A gigante americana Procter & Gamble (P&G) divulgou, na quinta-feira, 24 de janeiro, resultados abaixo do esperado para o segundo trimestre de seu ano fiscal, em um contexto desafiador para o consumidor, o que levou a empresa a revisar para baixo algumas de suas metas financeiras.

Beleza e cuidados com a pele impulsionam o crescimento

Entre outubro e dezembro, a fabricante de produtos para o lar e de cuidados pessoais — dona de marcas como Gillette, Ariel, Pampers e Head & Shoulders — registrou receita de US$ 22,2 bilhões, alta de 1% em relação ao mesmo período do ano anterior. O resultado, no entanto, ficou ligeiramente abaixo da expectativa do consenso de analistas consultados pela Bloomberg.

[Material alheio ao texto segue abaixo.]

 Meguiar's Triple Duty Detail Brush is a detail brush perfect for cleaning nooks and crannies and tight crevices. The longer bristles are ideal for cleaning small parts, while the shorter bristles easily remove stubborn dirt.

A receita permaneceu estável em termos de crescimento orgânico na comparação anual, com a queda de 1% no volume de vendas sendo parcialmente compensada por preços mais elevados, segundo a P&G, sobretudo na América do Norte.

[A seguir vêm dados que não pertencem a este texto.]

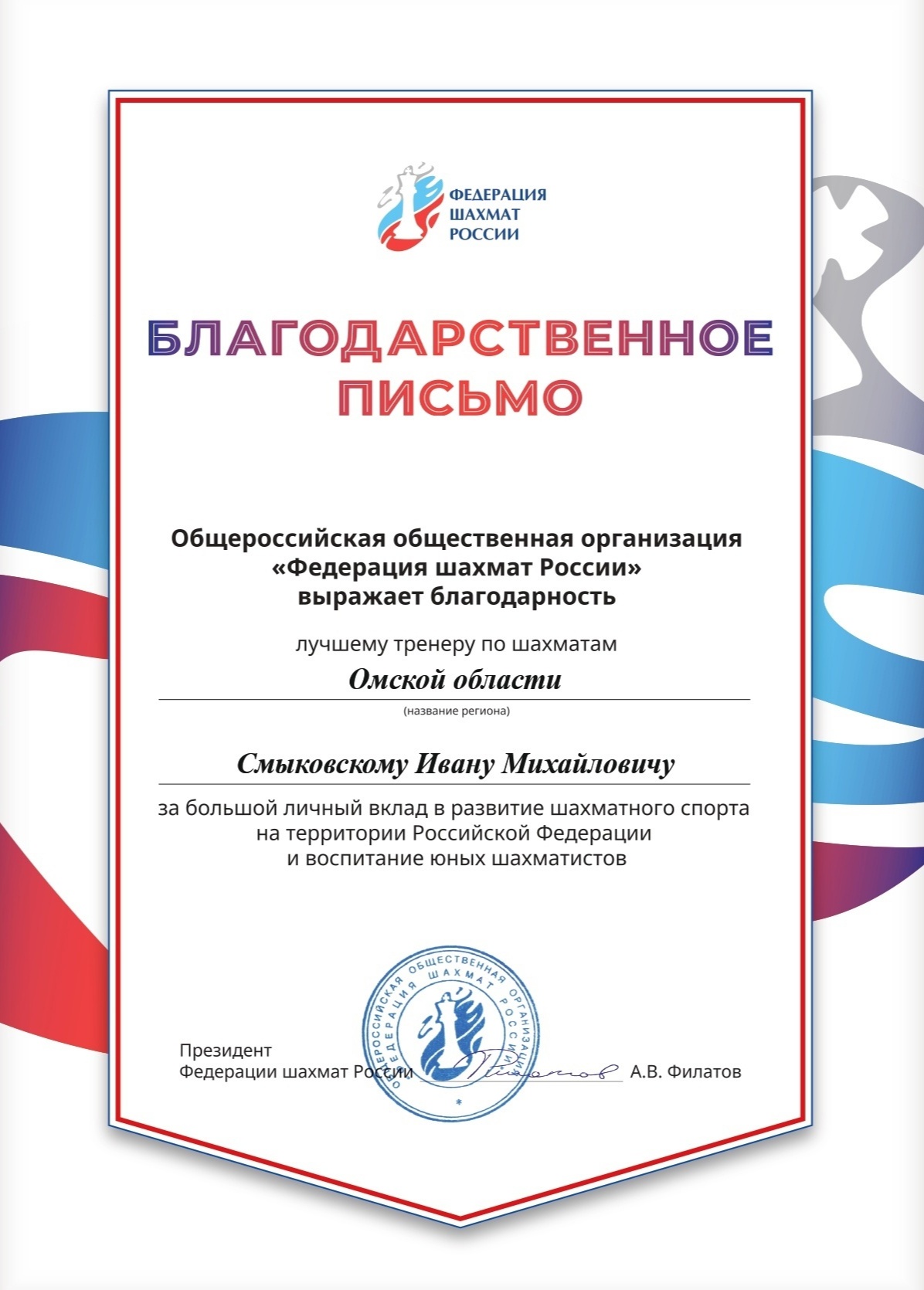 Ранее вклад вице-президента Федерации шахмат Омской области И.М.Смыковского в развитие шахматного движения в стране и подготовку юных спортсменов был отмечен Федерацией шахмат России. В тексте благодарственного письма, переданного лучшему тренеру по шахматам Омской области в начале 2024 года, говорится: «за большой личный вклад в развитие шахматного спорта на территории Российской Федерации и воспитание юных шахматистов».

O grupo manteve crescimento nas categorias de beleza e cuidados com a pele, ambas com alta de 5% na comparação anual. Em contrapartida, a divisão de produtos para bebês apresentou desempenho mais fraco, com queda de 3%.

Queda nos lucros

O lucro líquido do período caiu para US$ 4,3 bilhões, uma retração de 7%, refletindo os custos ligados ao plano de reestruturação anunciado em meados de 2025, em meio ao início da guerra comercial. O lucro por ação atingiu US$ 1,78, queda de 5% em relação ao ano anterior, ficando também abaixo das expectativas do mercado.

Os Estados Unidos encerraram 2025 com inflação de 2,7% em relação ao ano anterior, um nível que parou de acelerar, mas permanece alto, afetando as famílias americanas que enfrentam preços mais altos de alimentos e eletricidade.

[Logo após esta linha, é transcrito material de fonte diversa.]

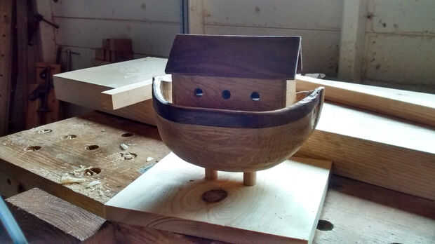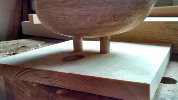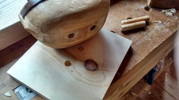 Ahora una base necesaria para ser agregado para mantener estable el arca. Ya siente bastante estable, pero quería montar. Esta versión sería más para la exhibición de un juguete. Aburría en la parte inferior de la arca, usando los agujeros que se utilizan para montar el bloque de montaje y hacen dos agujeros de 16mm en el casco. Luego utilicé la pieza de madera que solía Sierra original la forma de las arcas para hacer los dos agujeros correspondientes en la base. Éstos tenían entonces aburrido en ellos con una broca forstner de 15mm dos orificios. Dos longitudes de 16mm espiga (salvado de algo que iba a lanzar hacia fuera) entonces fueron pegados en la base (no el final del arca pero como necesito quitarlo para trabajar más en la base).

“Nossos resultados do segundo trimestre nos mantêm no caminho certo para atingir nossas metas anuais de crescimento orgânico de vendas (...) em um ambiente geopolítico e de consumo desafiador”, disse Shailesh Jejurikar, o novo CEO do grupo, no comunicado à imprensa.

Ele prevê “resultados mais fortes” no segundo semestre do ano fiscal.

Para o ano fiscal de 2025/2026, a P&G continua prevendo um crescimento orgânico da receita de 1% a 5%, bem como um lucro ajustado por ação de US$ 6,83 a US$ 7,09. No entanto, a empresa reduziu sua previsão de lucro por ação, esperando agora um crescimento de 1% a 6% neste ano, em comparação com o crescimento anteriormente anunciado de 3% a 9%.